To display the list of GPUs available on the system.

user@hostname
$ nvvs -g
			
NVIDIA Validation Suite (version 352.00)

Supported GPUs available:
	[0000:01:00.0] -- Tesla K40c
	[0000:05:00.0] -- Tesla K20c
	[0000:06:00.0] -- Tesla K20c
		

An example "quick" test (explained later) using a custom configuration file.

user@hostname
$ nvvs -c Tesla_K40c_quick.conf
			
NVIDIA Validation Suite (version 352.00)

	Software
		Blacklist ......................................... PASS
		NVML Library ...................................... PASS
		CUDA Main Library ................................. PASS
		CUDA Toolkit Libraries ............................ PASS
		Permissions and OS-related Blocks ................. PASS
		Persistence Mode .................................. PASS
		Environmental Variables ........................... PASS			
		

To output an encrypted debug file at the highest debug level to send to NVIDIA for analysis after a problem.

user@hostname
$ nvvs -c Tesla_K40c_medium.conf -d 5 -l debug.log

NVIDIA Validation Suite (version 352.00)

	Software
		Blacklist ......................................... PASS
		NVML Library ...................................... PASS
		CUDA Main Library ................................. PASS
		CUDA Toolkit Libraries ............................ PASS
		Permissions and OS-related Blocks ................. PASS
		Persistence Mode .................................. PASS
		Environmental Variables ........................... PASS
	Hardware
		Memory GPU0 ....................................... PASS
	Integration
		PCIe .............................................. FAIL
           *** GPU 0 is running at PCI link width 8X, which is below the minimum allowed link width of 16X (parameter: 
min_pci_width)"			
		

The output file, debug.log would then be returned to NVIDIA.

Configuration file

The NVVS configuration file is a YAML-formatted (e.g. human-readable JSON) text file with three main stanzas controlling the various tests and their execution.

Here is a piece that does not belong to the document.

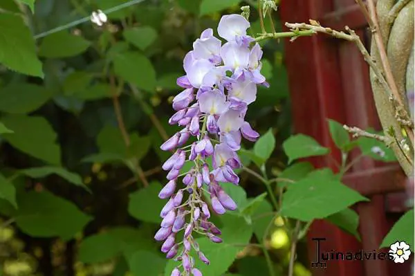 Deze blauwe regen is linksdraaiend (van onder naar boven bekeken), dus tegen de wijzers en tegen de zon in. Dit kan als controle dienen bij uw aankoop.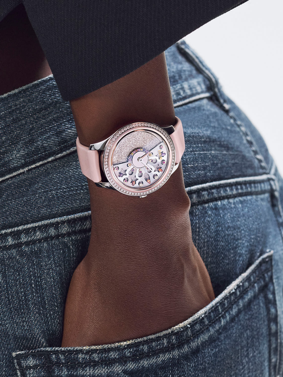 The Swiss quartz-movement watch's theatrical personality emerges through its gem-set carnival of colours. A diamond-set bezel frames a brass dial adorned with a glitter pattern, while the signature Dior Inverse 11 1/2 automatic movement features its oscillating weight front and centre – mimicking a ballgown's graceful swirl when in motion. Here, the openworked gold rotor becomes a stage for precious performers in the guise of diamonds, rubies, amethysts, spessartite garnets and sapphires that pirouette around the dial with every flick of the wrist.

The general format of a configuration file consists of:

%YAML 1.2
---
      
globals:
  key1: value
  key2: value
      
test_suite_name:
- test_class_name1:
    test_name1:
      key1: value
      key2: value
      subtests:
        subtest_name1:
          key1: value
          key2: value
    test_name2:
      key1: value
      key2: value
-test_class_name2:
    test_name3:
      key1: value
      key2: value
      
gpus:
- gpuset: name
  properties:
    key1: value
    key2: value
  tests:
    name: test_suite_name
    

There are three distinct sections: globals, test_suite_name, and gpus each with its own subsection of parameters and as is with any YAML document, indentation is important thus if errors are generated from your own configuration files please refer to this example for indentation reference.

Global parameters

Keyword Value Type Description
logfile String The prefix for all detailed test data able to be used for post-processing.
logfile_type String Can be json, text, or binary. Used in conjunction with the logfile global parameter. Default is JSON.
scriptable Boolean Accepts true, or false. Produces a script-friendly, colon-separated output and is identical to the -s command line parameter.
serial_override Boolean Accepts true, or false. Some tests are designed to run in parallel if multiple GPUs are given. This parameter overrides that behavior serializing execution across all tests.
require_persistence_mode Boolean Accepts true, or false. Persistence mode is a prerequisite for some tests, this global overrides that requirement and should only be used if it is not possible to activate persistence mode on your system.

GPU parameters

The gpus stanza may consist of one or more gpusets which will each match zero or more GPUs on the system based on their properties(a match of zero will produce an error).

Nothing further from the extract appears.